EU Neighbourhood Policy in the context of common foreign policy: the possibilities and limits of joint actions
Since its inception, the European Union has maintained its influential capacity in the European region, and it enabled a peaceful co-existence between member states and mutual development to flourish. When the Maastricht Treaty was implemented, and applications for accession of the Central and Eastern European countries increased, questions have evolved as to how the CEE countries would be able to adapt to the current policies of the European Union. There is also a concern as to how the current member states would have to bear the new addition in the organization and its effects in their respective countries. However, each member state agrees that there is a need to create a coherent and common foreign policy to enable accession countries and neighbouring countries to adhere to the policy’s goal in creating camaraderie and peace. As a result of negotiations and proposals, the European Neighbourhood Policy came into form, proposing for a ‘Wider European Initiative’. However, there are still flaws into the policy’s capacity to implement change and cooperation between the member states and the partners of the EU, especially in resolving the problem of weak governance and policy guidelines.
The proponents of the European Neighbourhood Policy began in March 2003 as the European Commission presented the communiqué “Wider Europe – Neighbourhood: A new Framework for relations with our Eastern and Southern Neighbours”. Under the communiqué, it presented a framework that would enable the European Union to reach out to the CEE countries and the neighbouring Middle Eastern countries to entice partnership and development. The communiqué was immediately accepted as the foundation of the ENP and shortly afterward, the strategy paper of the European Neighbourhood Policy was released in May 2004. Under the European Neighbourhood Policy, its primary goal integrates the three pillars of the European Union’s present structure in creating stability and security within the EU and its neighbouring countries fostering positive interdependence. Under this goal, the European Union would work together with its neighbours to resolve regional conflicts and threats like terrorism and organized crimes. With the help of the European Security Strategy, the European Union can use the ESS to enable the ENP to create a secure foreign and security policy context. The ENP is seen as a policy that also encompasses the neighbouring countries in the East and South to share the stability the European Union currently has with its member states. However, many questioned the definition of the EU pertaining to neighbourhood. The European Union’s neighbourhood encompasses a large area, especially those surrounded by the Mediterranean Sea. Under these included regions are mixes of nationalities and three major religions that may clash with European Union’s religious background and economic stability.

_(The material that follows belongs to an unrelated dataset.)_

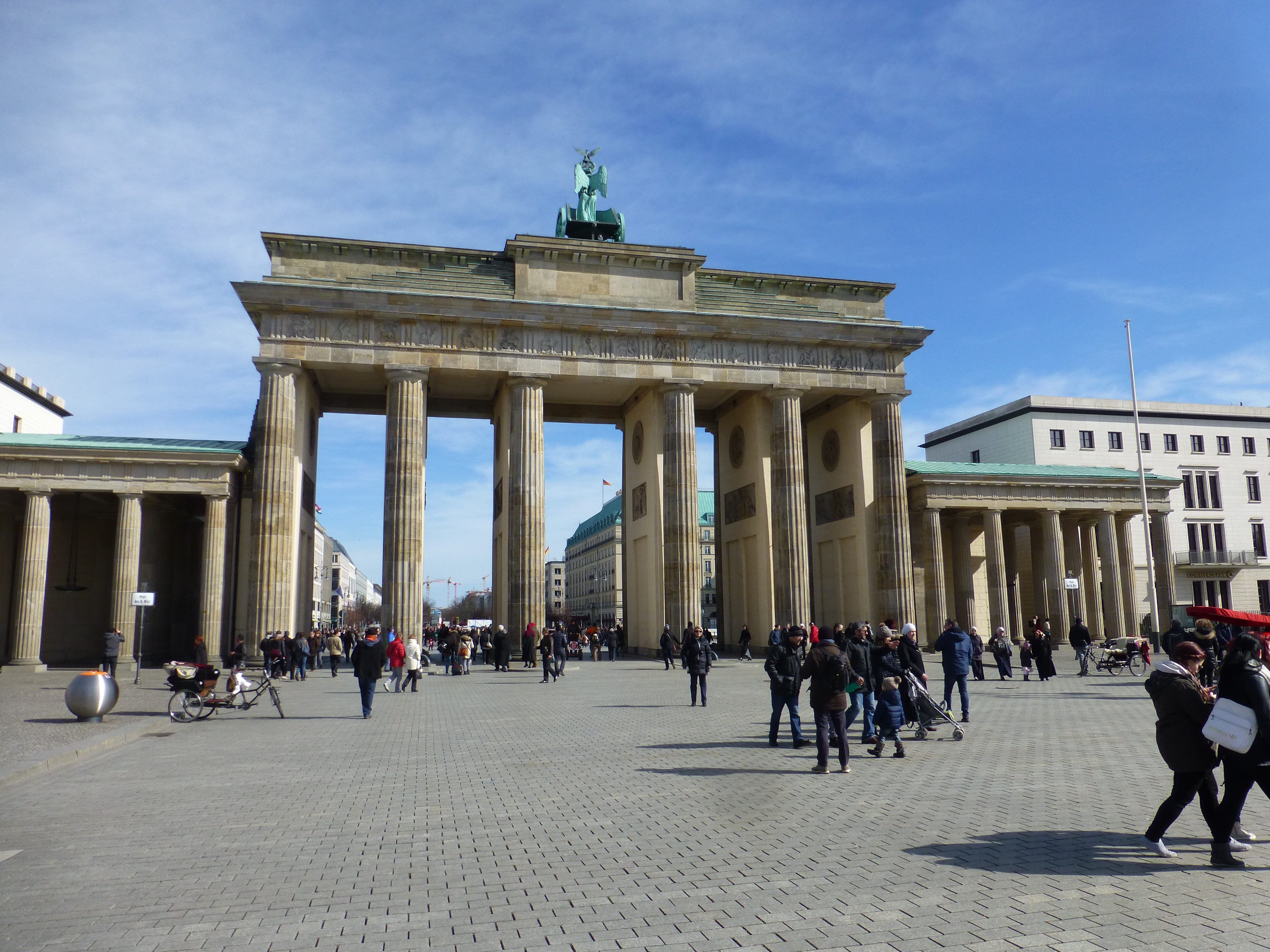 + 2°C, vent glacé, mais ciel d’azur: Nous attaquerons la visite avec nos tenues d’hiver. Il s’agit pour nous d’un tour de chauffe car nous pensons y passer plus de temps au retour. Pour cela les bus Hop on Hop off sont la solution idéale et nous parcourrons la « bande gouvernementale » autour de la porte de Brandebourg avec la nouvelle Chancellerie, le Reischtag et les nouveaux bâtiments du parlement, puis les restes du mur de la honte autour de Check Point Charlie, où des figurants en uniforme posent pour les photos des touristes ( les Vopos qui m’y avait contrôlé en 1974 étaient nettement moins souriants!)
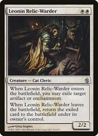 When Leonin Relic-Warder enters the battlefield, you may exile target artifact or enchantment.

The implementation of the ENP would begin with an economic proposal that would enable the EU to create a partnership with a non-member nation or neighbouring country. The treaties between the EU and the non-member nation or neighbour states are administered by a separate authority. The treaty between the EU and the neighbouring states covers open borders, common passport or visa such as the Schengen visa, and a single currency the Euro. Normally, neighbouring states would find the terms of the treaty to be beneficial despite the reduced capacity of the government in promoting its sovereignty. However, neighbouring countries are more in favour in the ENP’s capacity to help them in crises that would affect the whole community, and allow integration to develop. Under the neighbourhood policy, crisis opportunities that would require community intervention include terrorism, crime, and environmental issues. The EU offers to neighbour states its help in the intervening in these crises as this would help in promoting peace and stability. The EU also becomes the authority to establish a common judicial system that would define how the Union and the partner nations would act upon these crises. Eventually, this community judiciary system would proceed to replace the national law. Individual members are not permitted to create their own individual foreign policy as they are required to follow the community policy. To finalize the application of the ENP, the members would have to acknowledge that the EU is the final authority for intervening and declaring policies that would cover the entire “community” .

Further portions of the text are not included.